The cellular and molecular mechanisms of cordycepin induced apoptosis in MA-10 mouse Leydig tumor cells

• Main Authors: Bo-SyongPan, 潘博雄
• Other Authors: Bu-Miin Huang
• Format: Others
• Language: en_US
• Published: 2015
• Online Access: http://ndltd.ncl.edu.tw/handle/28814557656073338183

博士 === 國立成功大學 === 基礎醫學研究所 === 104 === The incidence of testicular cancer between 1999 and 2008 in Taiwan from 0.85 increased to 1.54 per population of hundred thousand people, and radical orchidectomy combined with chemotherapy is the common protocol to treat testicular and Leydig cell cancers. However, these drugs used for chemotherapy could cause drug toxicity, side effects and serious impacts on the quality of life. Thus, people more focus on developing lower side effect chemotherapy drugs to improve prognosis in recent years. Cordycepin, also called 3’-deoxyadenosine, has been identified as a major bioactive metabolite in Cordyceps sinensis. It possesses a wide range of biological effects, including stimulation on steroidogenesis, anti-inflammatory effect, inhibition of platelet aggregation, and anti-cancer effect. We have found that cordycepin could induce testicular tumor cell apoptosis.
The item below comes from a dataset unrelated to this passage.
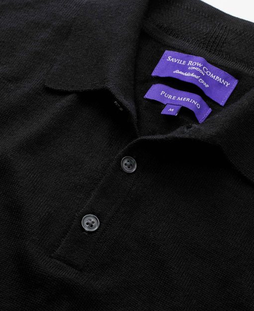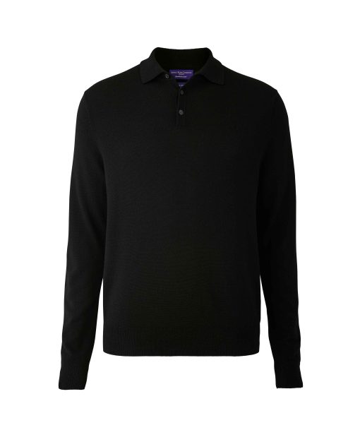 Refined yet versatile, this black knitted polo shirt is crafted from 12-gauge extra-fine non-mulesed Merino wool, offering unmatched softness and sophistication. The regular fit gently hugs the body for a tailored silhouette, while fully fashioned sleeves ensure a perfect, comfortable fit. With its breathable warmth and sleek design, this polo is the ultimate blend of casual and luxury – ideal for layering or wearing alone.

The p38 MAPKs play important roles in the regulation of balance between cell survival and cell death on the development of various cancers. However, the roles of p38 MAPKs regulating apoptotic effects on Leydig tumor cells remain unclear. In the present study, we showed that cordycepin (3-deoxyadenosine) selectively induced apoptosis in MA-10 mouse Leydig tumor cells through regulating the p38 MAPKs and PI3K/AKT signaling pathways. Cordycepin reduced viability in MA-10, TM4, and NT2/D1 cells, but not cause cell death of primary mouse Leydig cells on moderate concentration. Cordycepin increased reactive oxygen species (ROS) levels, which is associated with the induction of apoptosis as characterized by positive Annexin V binding, activation of caspase-3, and cleavage of PARP. Inhibition of p38 MAPKs activity by SB203580 significantly prevented cordycepin-induced apoptosis in MA-10 cells. Co-treatment with wortmannin or the autophagy inhibitor 3-methyladenine (3-MA) elevated levels of apoptosis in cordycepin-treated MA-10 cells. Moreover, cordycepin activated p53, p21 and TGFß; and downregulated CDK2. The antitumour activity of cordycepin-treated MA-10 cells was significantly distinct in severe combined immunodeficiency (SCID) mice in vivo. These results suggested that cordycein is a highly selective treatment to induce MA-10 cells apoptosis via p38 MAPKs signaling.